Does that make sense?

Andy Heise

Yeah, totally.

Larry Heyman

Yeah.

Andy Heise

So competition for design work can be fierce, just like many jobs in the in the arts. Um have you how have you approached building and maintaining relationships that that lead to opportunities? We touched on this earlier.

Relationships, Reliability, And Humility

Larry Heyman

Um Yeah, um I start a lot of rumors about other designers. No, it's a joke. Um you know what? It's it's tricky because uh uh and I I I keep mentioning names, but there are people who have given me given me great advice or helped form my my my current self, my current iteration. Um and Diana Angel, who is the she's the pro production manager at the Cleveland Playhouse, and I just she's awesome. I just love her. And um one of the things that she said to me was you have to be willing as a freelance designer to walk the fine line between being persistent and being a nuisance and potentially being a telemarketer. You have to be willing. You it's the most uncomfortable thing any of us could ever do, especially if we were raised in the Midwest, is to talk about ourselves and to self-promote and to say to somebody, I've never done a production of this and I really want to do one, just to see if maybe you can get the emotional vote. But um maintaining maintaining a positive attitude, answering your phone, answering your texts, answering your emails, don't make things overly difficult if you don't have to.

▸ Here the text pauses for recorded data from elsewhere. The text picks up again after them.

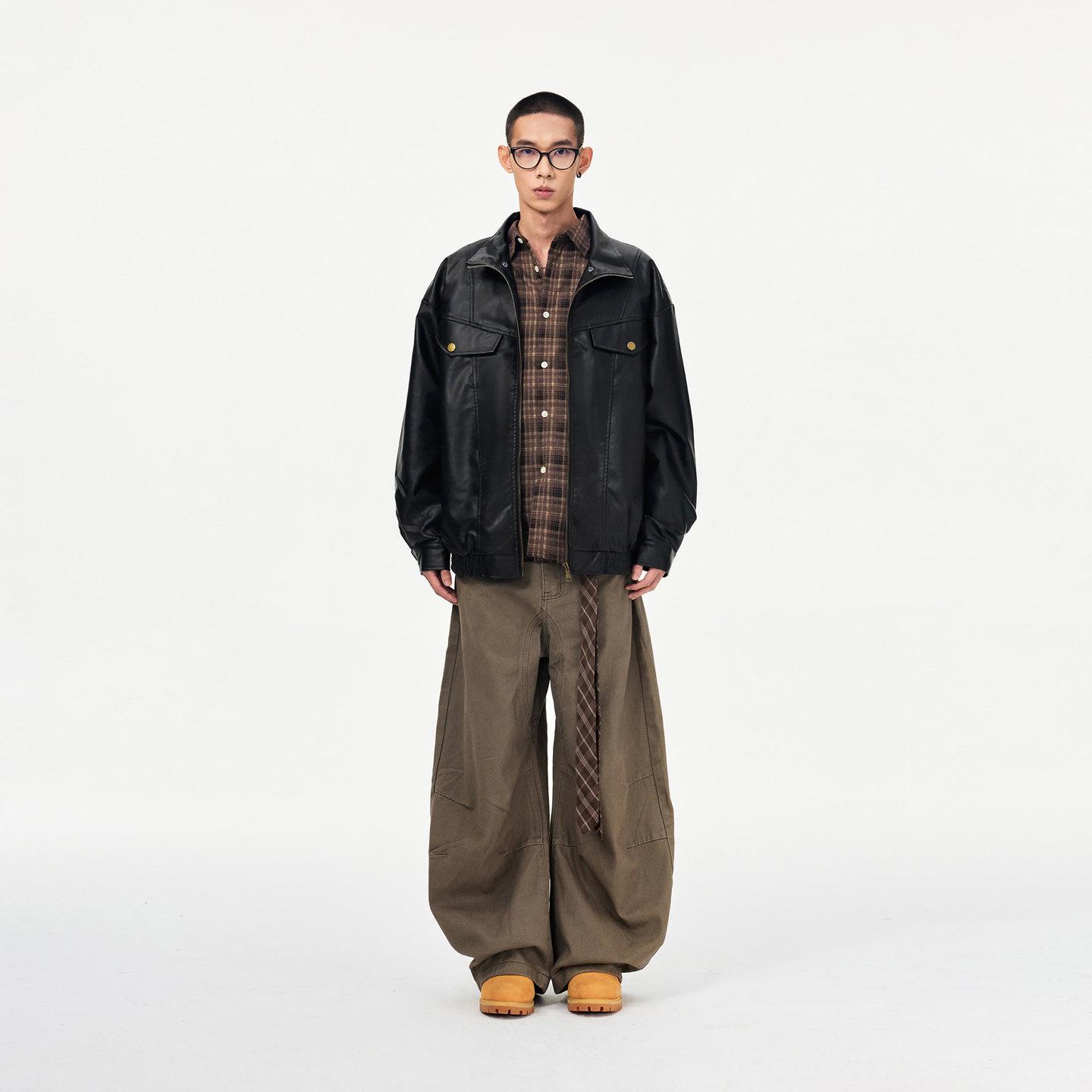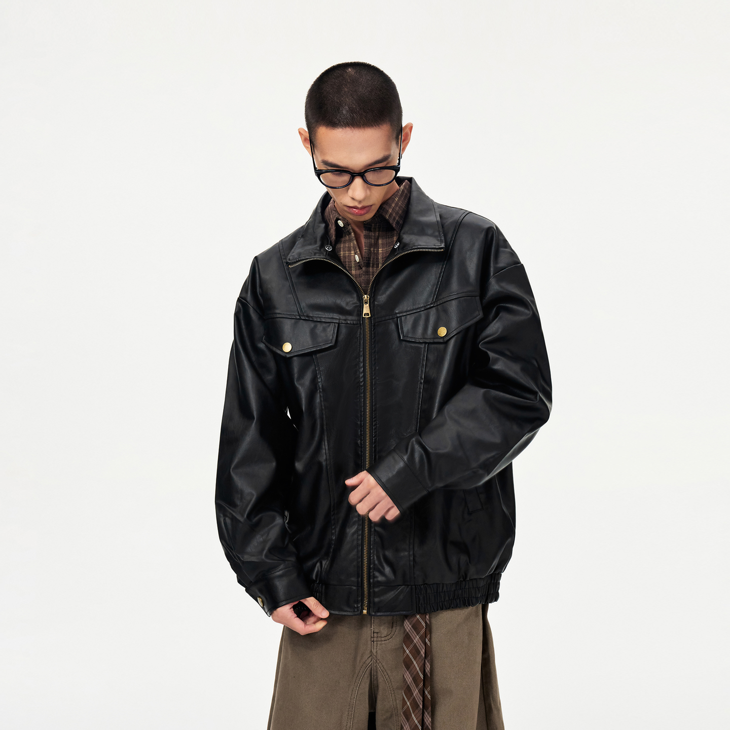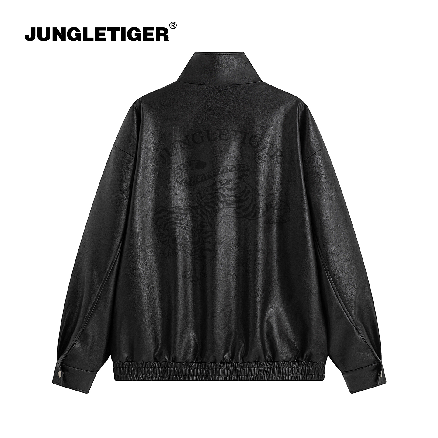 丛林老虎国潮下山虎激光烧花PU皮夹克男秋季新款宽松翻领皮衣外套
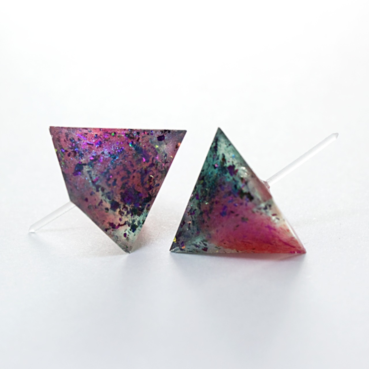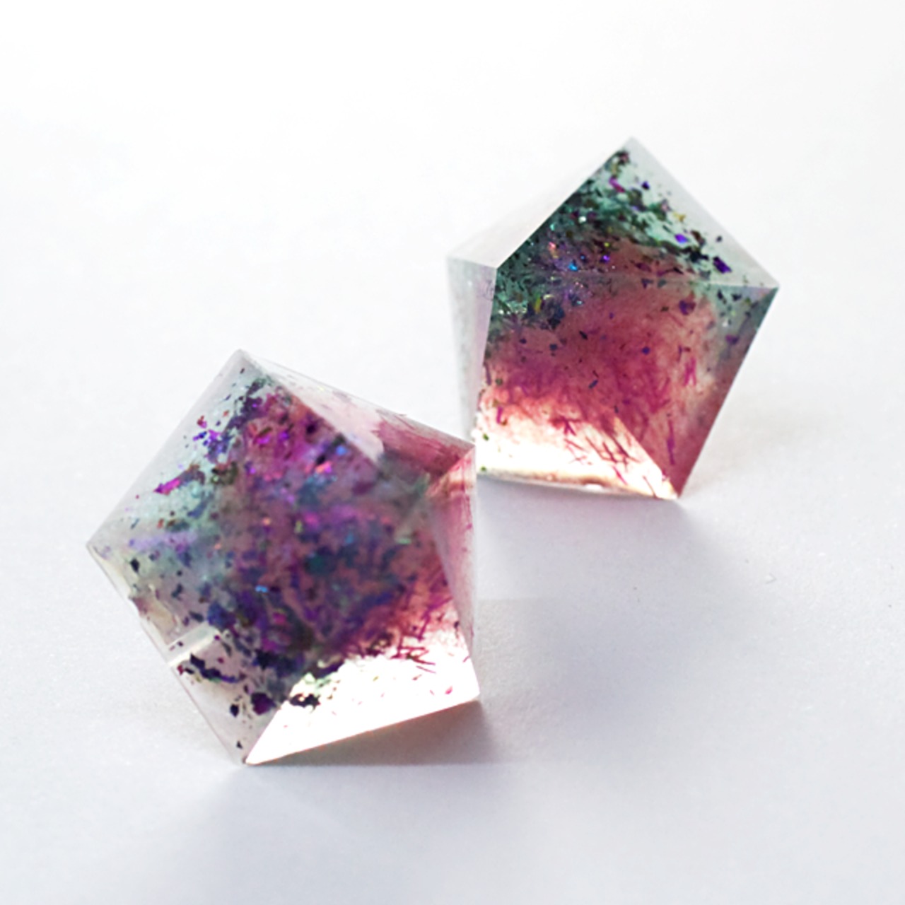 ピンクやブルーグリーンのカラーや、数種類のラメなどをクリスタルレジンで閉じ込めたペンタゴン型のピアスです。
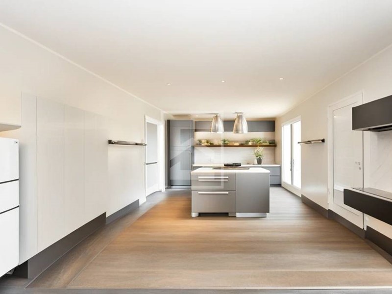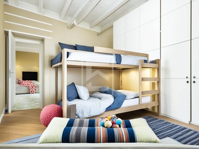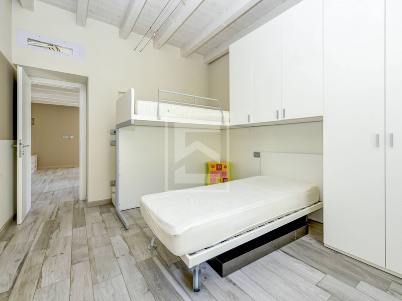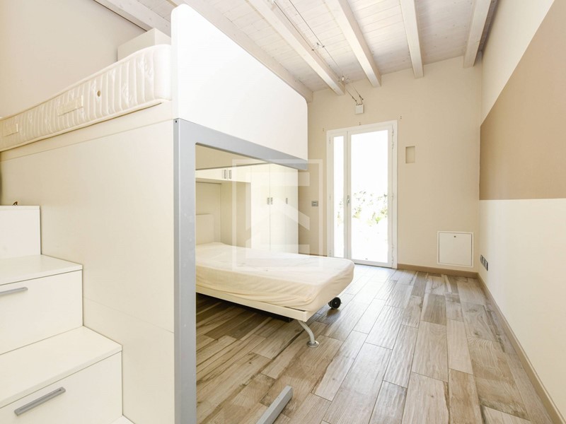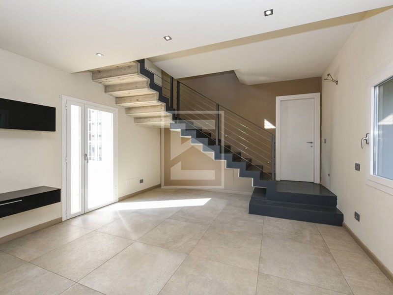 A piano terra c'è la zona giorno e un locale lavanderia/bagno, la scala con finitura in resina porta alla zona notte composta da un disimpegno, 3 camere un bagno e 2 balconi.

If the designer, if the I'm sorry, if the technical director calls you and says, I know you drafted these so all of the Sash windows on the set open, is there one or two that don't need to open? Actually take that question seriously and go, let me let me let me make a phone call and talk to the director and I'll get back to you. And if you can, make it easy for people.

Nick Petrella

Yeah.

Larry Heyman

Say to somebody, say to your scenic artist, if they come to you and they give you a color and it's not a hundred percent, a thousand percent, you know, the cones and rods in my eyes are reading it differently than the cones and rods in her eyes or whatever. Don't say, oh no, that's not the color. If it's close, close counts and just accept it and be easy when you can afford to be easy. Because then when you really need something to be a certain way, people aren't constantly rolling their eyes and going, wow, this guy's a pain. So um be positive, stay open to the universe, be easy to work with, be lighthearted, be a little whimsical, be flexible, and and respond when people ask you questions.

Speaker 2

Yeah.

Larry Heyman

Great advice. I mean, and and I've maintained friendships with people who are like, you know, who I mean, I have imposter syndrome. I think I'm a pain. I don't think I'm easy to work with at all. I'm constantly convincing myself that other people are looking at me and rolling their eyes and saying, oh my gosh, I can't believe he's late with his drawings, or whatever. And then I hear from those people and they're like, they have nothing but, you know, they they want to work with me, or they liked working with me, or they want to work with me again, or they mention my name, or they come to Nick and tell him that I should, you know, be on his podcast, or whatever. So I mean, I'm very lucky that way, I think.

Nick Petrella

Yeah, yeah, yeah. Yeah. And to be fair, we had asked you.

Larry Heyman

Yeah.

Nick Petrella

But we but we saw your work though.

Larry Heyman

Right. But I mean, I think another part of it is just be a little humble. Yeah. Like be be be you know, a really good friend of mine who works at a huge scene shop in New Jersey now. She and I started out in props together. And she always talks about, you know, it's the Midwesterner in us that says please and thank you about everything. But I think that that that saying please and thank you will get you a long way.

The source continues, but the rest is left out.